The 'Wizard of Wharton' says a tech bubble may be forming - and AI stocks like Nvidia could crash
- A speculative bubble in tech stocks may be starting to form, Jeremy Siegel said.
- The "Wizard of Wharton" said Nvidia could rise further, but the tech rally would eventually stall.
The breathless hype around technology stocks like Nvidia is nearing dangerous levels, Jeremy Siegel warned.
"The beginnings of a speculative bubble may be forming but it is impossible to tell when it will end," the retired finance professor known as the "Wizard of Wharton" said in his weekly WisdomTree commentary on Monday.
Nvidia stock has soared more than five-fold since the start of last year, vaulting the semiconductor company past Amazon and Alphabet to a $2 trillion market value.
Insatiable demand for its graphics chips from AI companies fueled a 265% year-on-year increase in its revenue to more than $22 billion last quarter, and an almost 1,000% rise in its operating income to about $14 billion.
Siegel said it's unclear whether the frenzy is more like the halcyon days of the internet revolution, or the peak euphoria that preceded the dot-com crash.

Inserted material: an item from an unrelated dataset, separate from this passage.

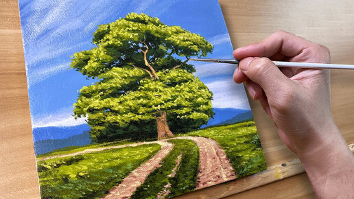 Рисуем Большое дерево. Мастер-класс по Живописи акрилом. Картина на холсте

"I do not think we are in a bubble now," he said. Heady tech valuations are underpinned by strong earnings growth, and Nvidia is a "special company" that doesn't strike him as "dramatically over- or undervalued" and could keep rising, he added.

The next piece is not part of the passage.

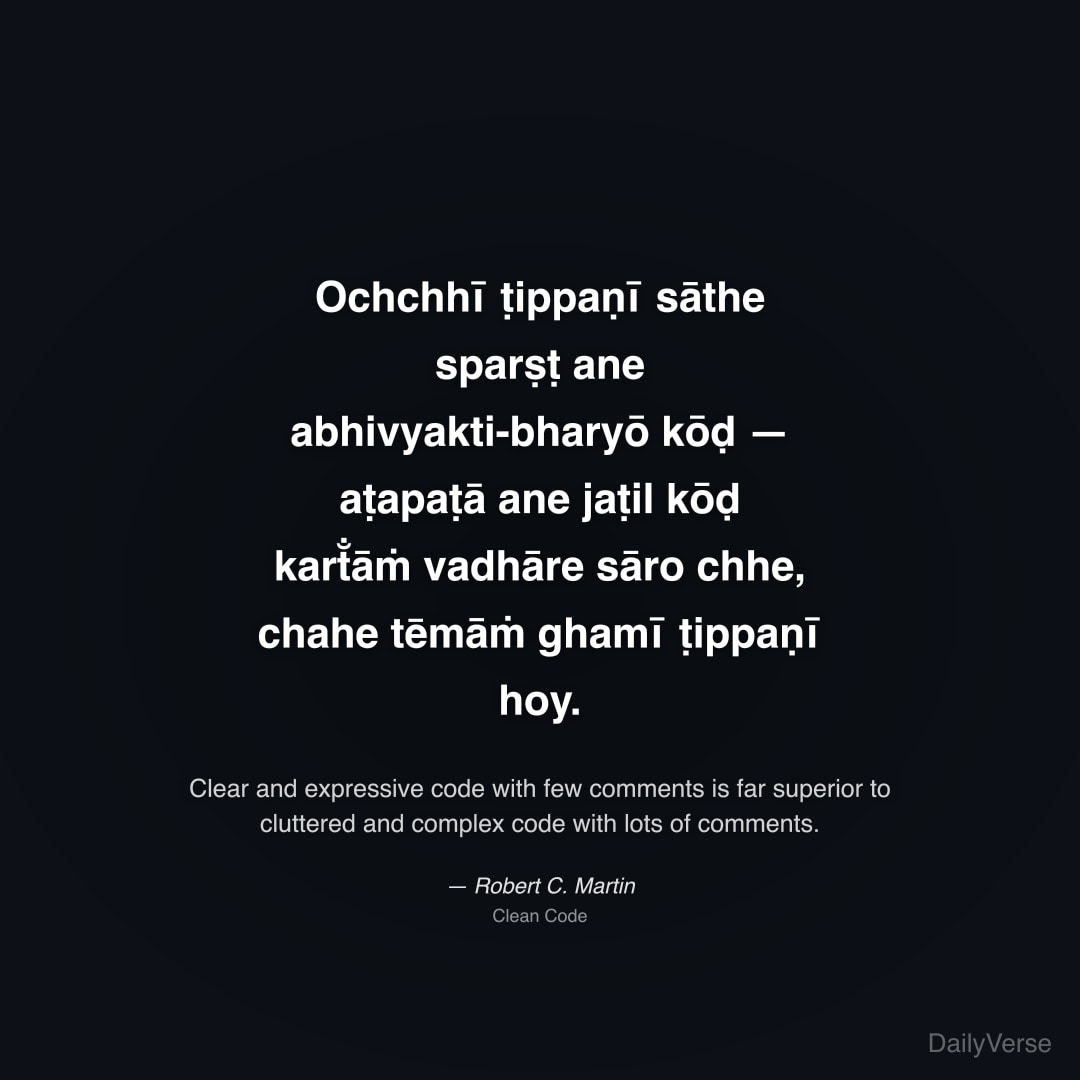 "Ochchhī ṭippaṇī sāthe sparṣṭ ane abhivyakti-bharyō kōḍ — aṭapaṭā ane jaṭil kōḍ kart̐āṁ vadhāre sāro chhe, chahe tēmāṁ ghamī ṭippaṇī hoy." — Robert C. Martin

Still, the tech-stock rally will ultimately stall and the correction could be brutal, Siegel said. "In a run such as this, the saying is 'stairs up, elevator down.' And that elevator ride can be quite swift!"
WisdomTree's senior investment strategy advisor shrugged off mounting concerns about the US economy.
Historically low unemployment, solid job gains, and stubborn inflation in recent months have fueled fears that the Federal Reserve might not cut interest rates for a long while. That would mean continued pressure on cash-strapped households as well as businesses in industries such as banking and commercial real estate, and an increased risk of recession.
Siegel, the author of "Stocks for the Long Run," said he wasn't worried as a healthy economy and robust earnings backdrop are good for companies and their investors. There's also little sign of resurgent inflation in his view. "Sensitive commodities are the early warning signals of inflation, and they are quiet," he said.
The finance guru was one of the few commentators to anticipate last year's stock-market rally, and in December he issued another bright outlook for this year.
He predicted stocks would jump, a recession wouldn't materialize, and rates would tumble. Given his perennial optimism, it's striking that even he sees the risk of a tech bubble now.